Italian Wedding Soup
We’re getting married in ~6 weeks! Neither of us are Italian. Do Italians really serve this at weddings? Whatever, the soup is tasty and I wanted meatballs in this week’s soup. I found Ina Garten’s Italian Wedding Soup recipe and made a few adjustments based on what I had, could find at the store, and felt like eating.
On Sundays, I generally make a pot of soup that’s good for ~2 nights of weeknight dinner, 2 portions for the freezer and maybe a lunch or two. The other nights include chopped salad with a grilled protein, family dinners or meals out. This one is definitely going into our weekly soup rotation.
Even better, I’ve found my new meatball recipe. They’re quick and easy (they’re baked in the oven), crispy yet tender inside without being too mushy or too firm. You don’t even have to get your hands dirty–I used a 1 inch cookie scoop. I tested half where I rolled them into round balls and left the other half kind of rough. The unrolled balls had more nooks and crannies to crisp up in the oven for a better texture. Of course, when I threw them into the soup it didn’t make much of a difference at all, so why bother getting your hands dirty?
The surprising thing about this soup for me was the use of fresh dill. As a kid, I remember being mortified that my mom would pull over on the side of the road to pick fresh dill growing out of the concrete. “It’s free!” she would excitedly exclaim while I shrunk down in my seat hoping none of my classmates would pass by. I also remember not liking the taste and begging my mom not to use dill in her soups and fishballs. She told me it wouldn’t taste as good without the dill but always made me a special portion without dill. I might normally skip the dill out of habit but the reviews mentioned that the soup was dull without it. They were right and either I’ve grown up or my taste buds have.

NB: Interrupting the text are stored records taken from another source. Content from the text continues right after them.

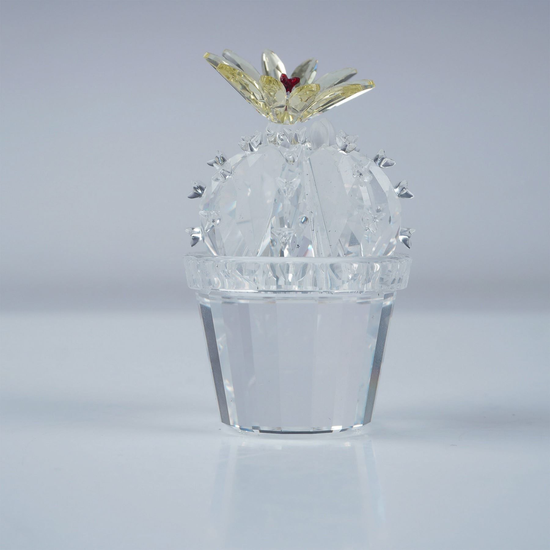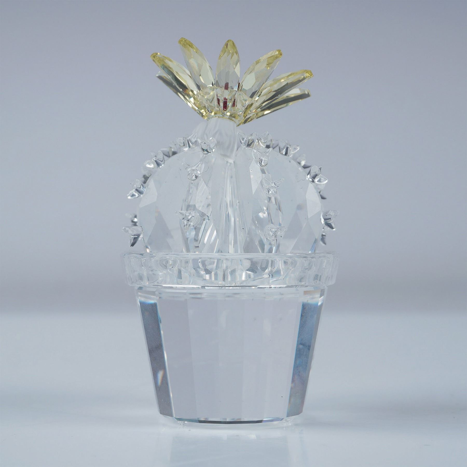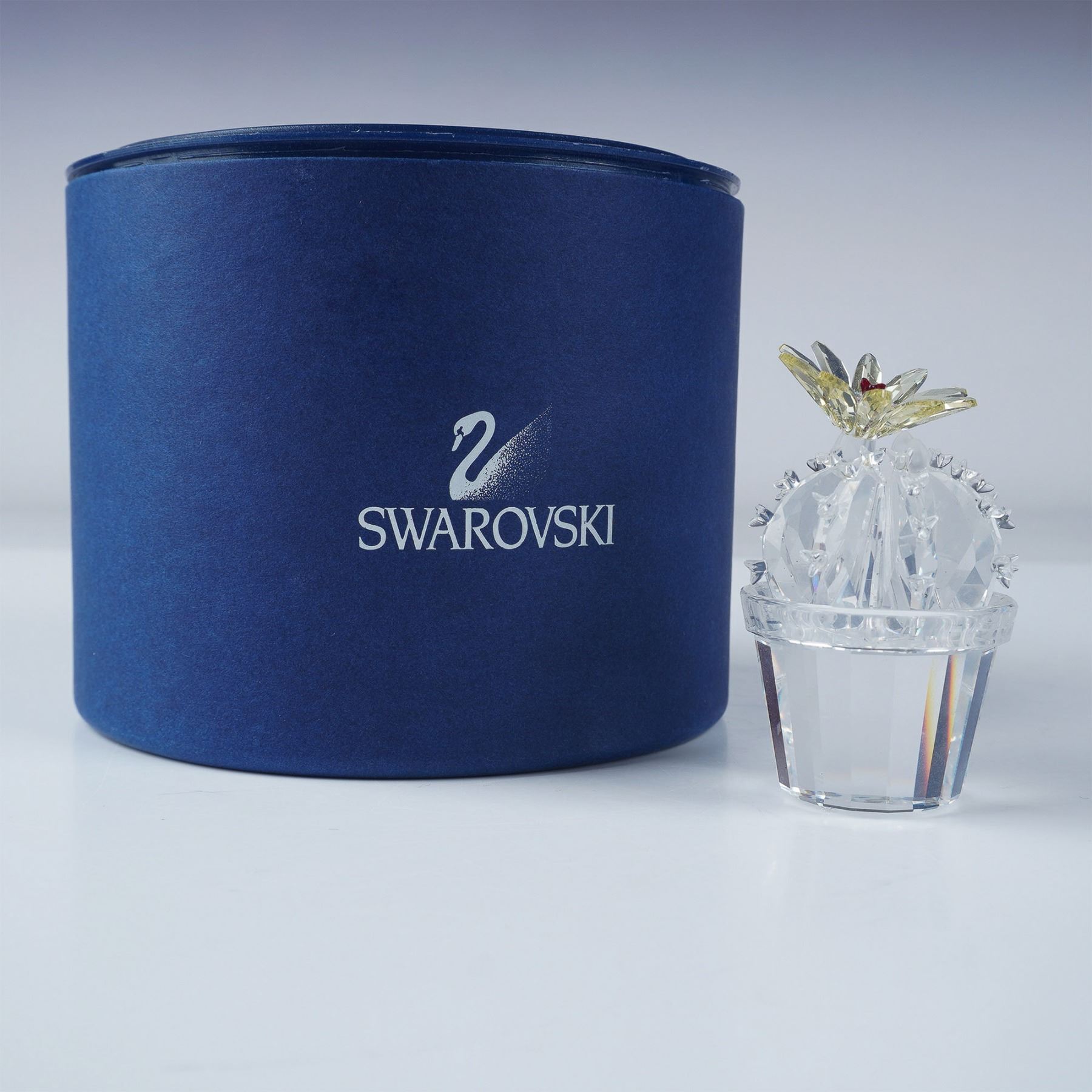 Swarovski Crystal Cactus Flowering figurine, finely crafted with faceted clear crystal to depict the body of the cactus adorned with delicate spikes. The top features a brilliant yellow-tinted flower with a red crystal center, adding a striking contrast to the clear crystal base. Marked with the Swarovski logo, ensuring authenticity. Comes in its original Swarovski box.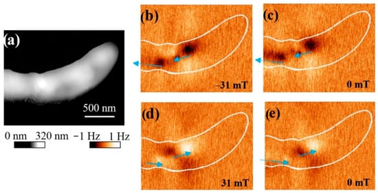 Images of the bacterium Magnetospirillum gryphiswaldense MSR-1 obtained by AFM (a) and MFM (b–e); blue lines indicate the direction of magnetization of the magnetosome chain. Reprinted from Ref. [45].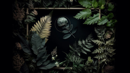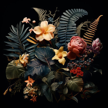 Discover a captivating display of various flowers and leaves beautifully arranged on a dark background, epitomizing the rich beauty of nature and creative inspiration.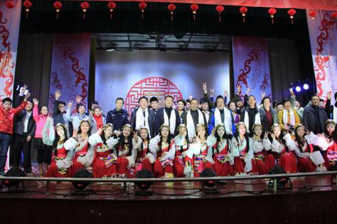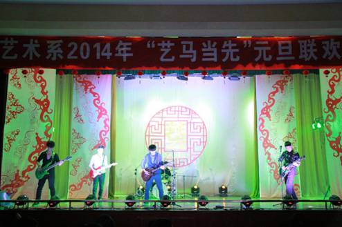开场时活力四射的爵士舞霎那间点燃全场观众的热情,“蓓蕾”瞬间绽放,艺术风采从此展现!UN乐队充满激情演唱的《我们的新时代》,引起了全场“90后”大学生的共鸣,大家不禁跟着乐队挥手唱起来。陕西电视台“都市碎戏”栏目组特邀剧社——艺术系蜗牛话剧社表演的《大宝天天见》,以幽默诙谐的语言,憨态可掬的肢体表达,使得全场观众忍俊不禁,掌声连连。正值迎马年之际,我系外聘教师翟新华老师带领学生为大家演奏了二胡曲《赛马》,激扬的乐声、奋起的马蹄声,现场观众仿佛驰骋于广阔的草原之中,在新的一年我们要“一马当先”。晚上九点五十分,艺术系2014年“艺马当先”元旦晚会在音乐学专业藏族学生班扎西演唱的《高原红》中圆满结束,藏舞的舞者为嘉宾献上了圣洁的哈达,表达了我们的新年祝福!

The original recipe calls for a combination of ground chicken and chicken sausage. However, Whole Foods didn’t have any and I didn’t feel like grinding my own meat. Instead, I substituted ground turkey thighs and spicy Italian pork sausage. For spaghetti & meatballs, I might use ground beef or veal with spicy Italian sausage. It doesn’t really matter…
Italian Wedding Soup
(Recipe adapted from Ina Garten)
- 3/4 lb ground meat
- 1/2 lb sausage, casings removed
- 2/3 cup bread crumbs
- 2-3 cloves minced garlic
- 3 Tbsp chopped fresh parsley
- 1/2 cup grated Parmesan and/or Pecorino Romano cheese
- 3 Tbsp milk
- 2 eggs
- 1 tsp Kosher salt
- 1/2 tsp pepper
- 2 Tbsp olive oil
- 1 minced onion
- 3 carrots, diced
- 2 celery stalks, diced
- 10-12 cups chicken stock
- 1/2 cup dry white wine or sake
- 1/2 cup small pasta
- 1/4 cup fresh minced dill
- 1 bunch sturdy greens (kale, spinach, chard)
- Preheat oven to 350F
- Combine all meatball ingredients into a bowl and mix well. Hands are useful here. Using teaspoon or cookie scoop, drop ~1 inch meatballs onto a lined sheet pan. You’ll have ~40 meatballs. Bake for 30 minutes until lightly browned.
- In a large heavy bottomed pot, heat olive oil over medium-low heat. Add onions, carrots and celery until softened, stirring occasionally (5-7 minutes).
- Add chicken stock and wine. Bring to a boil.
- Reduce to a simmer and add pasta until tender (6-8 minutes).
- Add dill and meatballs. Season with salt and pepper to taste.
- Stir in greens. When they’re cooked, you’re ready to serve!